A February 3, 2021 incident where police caught him red handed in the act of hacking a male victim of his violence in Boarder Estate of Maragua town remains novel.

“Our officers on patrol got intelligence of a gang that was moving from Maragua town to the nearby estate while armed with crude weapons and it was trailed. We bumped into an incident where Kamau was in the process of murdering his victim,” Murang’a South Sub-County Police Commander Alexander Shikondi said.

Warning shots

He said the officers fired two warning shots in the air and that is when the gang dispersed and in the process Kamau, who was armed with a panga and who had inflicted two deep cuts on the head of the victim, was arrested.

“That is when he shouted to his fleeing gang members that they were witnesses that the bullets had missed him since he was the Kinjikitile. We arrested him and he escaped later from the station and the fame of this version of Kinjikitile spread like bushfire,” he said.

The escape was translated by seniors as a ‘release’, leading to the transfer of the station’s commander, Mr Mnaya Ngaruni, and his deputy, Victor Leboo.

Since the escape, Kamau ran away from his village and hibernated to Nairobi where he was employed by his sister.

“He was employed as a casual in his sister’s businesses and it was hard for us to get at him since he would be shifted from one county to another so as to escape our attention,” Mr Shikondi said.

Re-establishing chang’aa trade

He added that on January 7, police received intelligence reports that Kamau was being seen in his native village and was re-establishing his chang’aa business.

“I dispatched Chief Inspector Cleophas Mangut to lead the response to the tip and sure enough, we found Kamau in possession of 40 litres of the illicit brew. We arrested him and he was lamenting that we were lucky that he had not replenished the portion that made him invincible to us,” Mr Shikondi said.

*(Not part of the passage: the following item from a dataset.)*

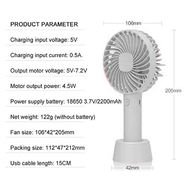 Name: Toyrist Mini Portable USB Hand Fan, Usb Fan Portable High Speed Built-in Rechargeable Battery Operated Summer Cooling Table Fan with Stand For Home Office Indoor Outdoor Travel (White Color)

Mr Shikondi said at least 10 of Kamau’s victims of his violence refused to record statements that would have enabled the police to charge him with robbery with violence.

When he appeared in court, Kamau pleaded for leniency, saying that he would reform and venture into bodaboda business.

“The prosecution has demonstrated to the court that you are a repeat offender and sworn affidavits by Maragua Police Station convincingly portray you as someone in need of rehabilitation so that the bad influence and exertion of negative energy is healed,” the magistrate ruled.